Law Enforcement is Not Your Friend

James E. Miller
Aug. 24, 2012

Across the West, instances of abuse of authority by domestic police forces are becoming more prevalent.  Two weeks ago, two police officers in my hometown accosted my brother as he walked back to his car after purchasing a six pack of beer.  The officers, who thought my brother was up to no good because he parked a few blocks from a bar, questioned him for a full half hour.  All the while, they found it necessary to remind him repeatedly that "he was in trouble" and that the situation was "serious."  After my brother asked numerous times what he had done and if he was under arrest, the two officers finally let him go.  Though he was never charged with a crime, it was implied that he wasn’t free to leave.  During the back-and-forth, one officer claimed that he and his fellow officers kept the town safe through such tactics like assuming everyone is a criminal.  The sad part is, the officer likely believed his own story.

Situations of police arrogance and abuse like this are now commonplace in many Western countries and especially the United States.  After a decade of civil liberties systematically being slaughtered and the rights of foreigners being stripped away in the name of "fighting terrorism," even the most egregious acts of crushing natural rights hardly draw any outcry from the greater public.  Just last week on August 16, 2012, former Marine Brandon Raub was forcibly taken from his home in Chesterfield Country, Virginia and is currently being held against his will in a psychiatric hospital.  His alleged crime he has yet to be charged for?  Questioning the federal government's true motive in all its dealings on his private Facebook page.  Despite having no criminal record and no history of mental health illness, Raub was effectively kidnapped from his home in a coordinated effort by FBI officials, Secret Service agents, and local police.  The pickup hardly differs from the Gestapo tactics used in communist Russia to suppress political dissent.  The arresting officials claim that Raub was not under arrest despite the fact that he was in shackled handcuffs and was not free to return home.  FBI spokeswoman Dee Rybiski assured the Associated Press that many of Raub's writing were "threatening" and that they had received "complaints" over the violent rhetoric.  But according to The New American, nowhere in Raub's writing was violent revolution ever suggested.  Thankfully, a judge recently ordered the release of Raub as there was no legal basis to hold him involuntarily.

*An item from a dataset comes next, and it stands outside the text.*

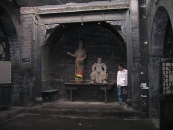 縣衙座落在平遙古城的中軸線上。俗話說(shuō)“衙門(mén)口朝南開(kāi),沒(méi)有錢(qián)莫進(jìn)來(lái)”,這座縣衙的衙門(mén)口照例也是朝南開(kāi)的??h衙是古城內(nèi)面積最大的一處建筑。正對(duì)門(mén)口是大堂,西邊角門(mén)是牢獄,東邊是縣太爺?shù)乃郊液蠡▓@和書(shū)房,看看多么講究,念個(gè)書(shū)還要七折八拐走那么遠(yuǎn)。還有專(zhuān)門(mén)一個(gè)小院落是縣太爺?shù)乃饺思Z倉(cāng)。最最后面是祠堂,供奉狐仙。供奉狐仙不是為了招桃花,而是保佑縣太爺升官。兩側(cè)是一排供奉土地神的側(cè)室。這里供奉的土地神可不是一位,而是一排八九位,各個(gè)雕像表情姿態(tài)各異,有的端坐,有的沉思,有的竟然是翹著二郎腿的老頭兒,還有的干脆歪倚著逍遙自在。為什么這么多土地神呢,因?yàn)檫@里的人們不嫌麻煩的把每一條街道都找了個(gè)土地神,真真可愛(ài)。
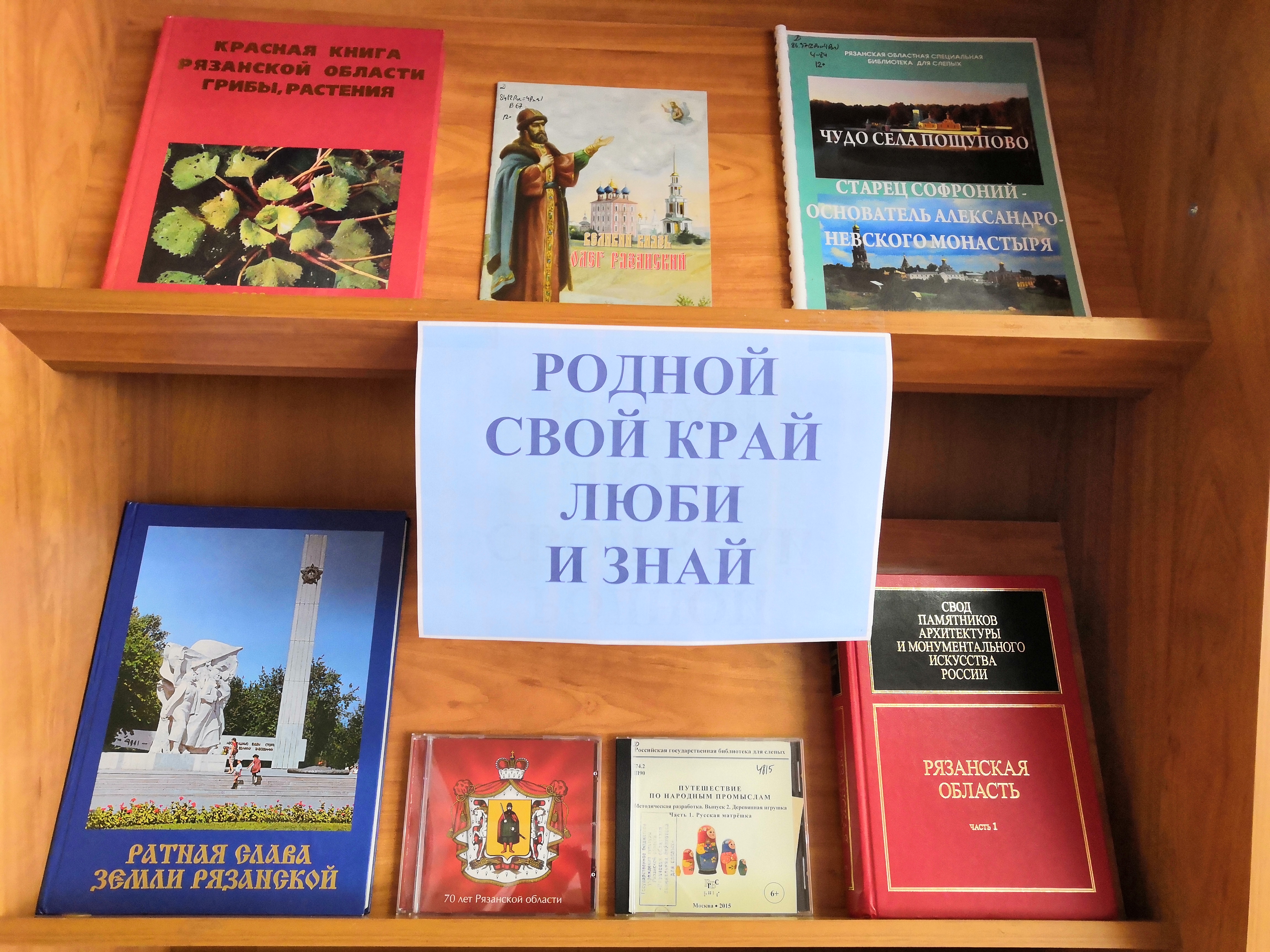 Невозможно любить Отечество, не зная своей малой родины, своего села, города, области. Рязанский край богат своей природой, историей, а главное, знаменитыми земляками, внесшими огромный вклад в мировую историю, науку и культуру. Узнать о Рязани и рязанцах ребята могут из изданий тифлоинформационного отдела нашей библиотеки.

While the Brandon Raub affair is horrendous, arrest and detainment of political dissent is nothing new to the United States.  From John Adams’ signing of the Alien and Sedition Act  to Abraham Lincoln suspending Habeas Corpus and imprisoning political opponents and those who spoke out against the Civil War, freedom of speech and peaceful protest have never been regarded as sacrosanct.  Should law enforcement feel the need to keep someone against their will, there is little to stand in their way.  And this behavior is not unique to the United States.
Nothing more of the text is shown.